Full inner ear regeneration is looking like it will be here in the 2030s. Currently in development at Decibel (LATS) and Harvard (ATOH), and hopefully more teams in the future.
Yippie do.

"Looks like." It looks like it's cold outside. I can prove it by going outside right now.
 
Sometimes immediately, sometimes the day after.
When I first got tinnitus in 2011, my ear pain lasted about a year, started lessening after 6 months.
Nowadays if I'm exposed to loud noise I experience fullness and dull middle ear pain, followed by worsening tinnitus.
Mine is kinda like that. The delay usually isn't very long. Maybe 2 hours. It has been painful immediately after a noise but there is usually some delay.

My right ear had pain when I woke up. I don't know what that indicates. I live in a noisy area. Maybe a siren went by or something? Or maybe my right ear has a tmj problem or the hyperacusis is not as major with my right ear because pain isn't as frequent as my left? I dunno.

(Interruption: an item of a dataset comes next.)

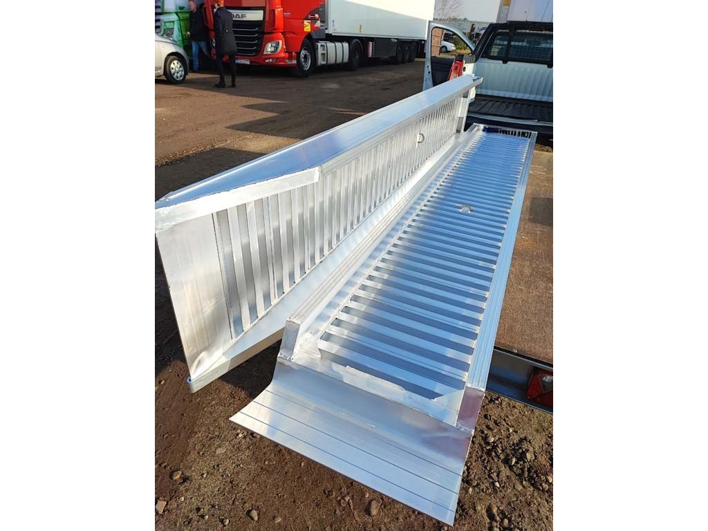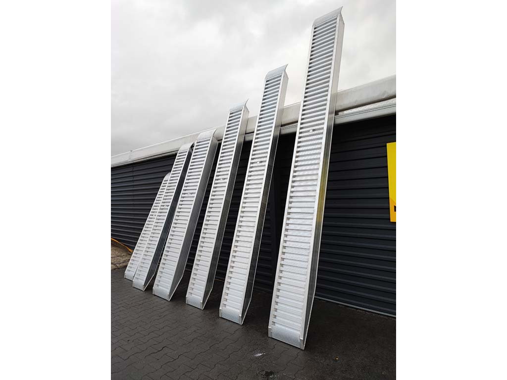 Die Rampen sind aus hochwertigem, korrosionsbeständigem Aluminium gefertigt, das auch unter rauen Bedingungen eine lange Lebensdauer gewährleistet. Die Oberfläche der Rampen ist mit rutschfesten Rillen versehen, die für Stabilität sorgen und ein Abrutschen verhindern und somit eine sichere Handhabung der Last gewährleisten.

My left definitely feels worse but today something is wrong with my right ear. I am just tired of this. Having pain and discomfort in the ear and surrounding bone PLUS severe loud tinnitus is just beyond what I am willing to bear. Suicide is a reoccurring thought in the back of my mind everyday as life doesn't appeal to me at all.

What stops me is the fear of failing and becoming worse and what comes after - that we disappear. The other problem is the method and how to go through with it. I don't know how people do it that actually go through with it.
 
Yippie do.

"Looks like." It looks like it's cold outside. I can prove it by going outside right now.
I understand your impatience and suffering Pete. Unfortunately research does not bring instant gratification, it takes YEARS. We can only move towards the future one second at a time.

If you feel like picking apart language let's say this instead: Based on the current pace of research, scientists involved aim to be ready to bring a product to market within a decade that widely regenerates the cells of the inner ear.

The two promising research group's are Dr. Chen and his team at Harvard and Decibel Therapeutics' partnership with Dr. Hudspeth at Rockefeller University. These are both promising ventures. I do not play the blind hope game.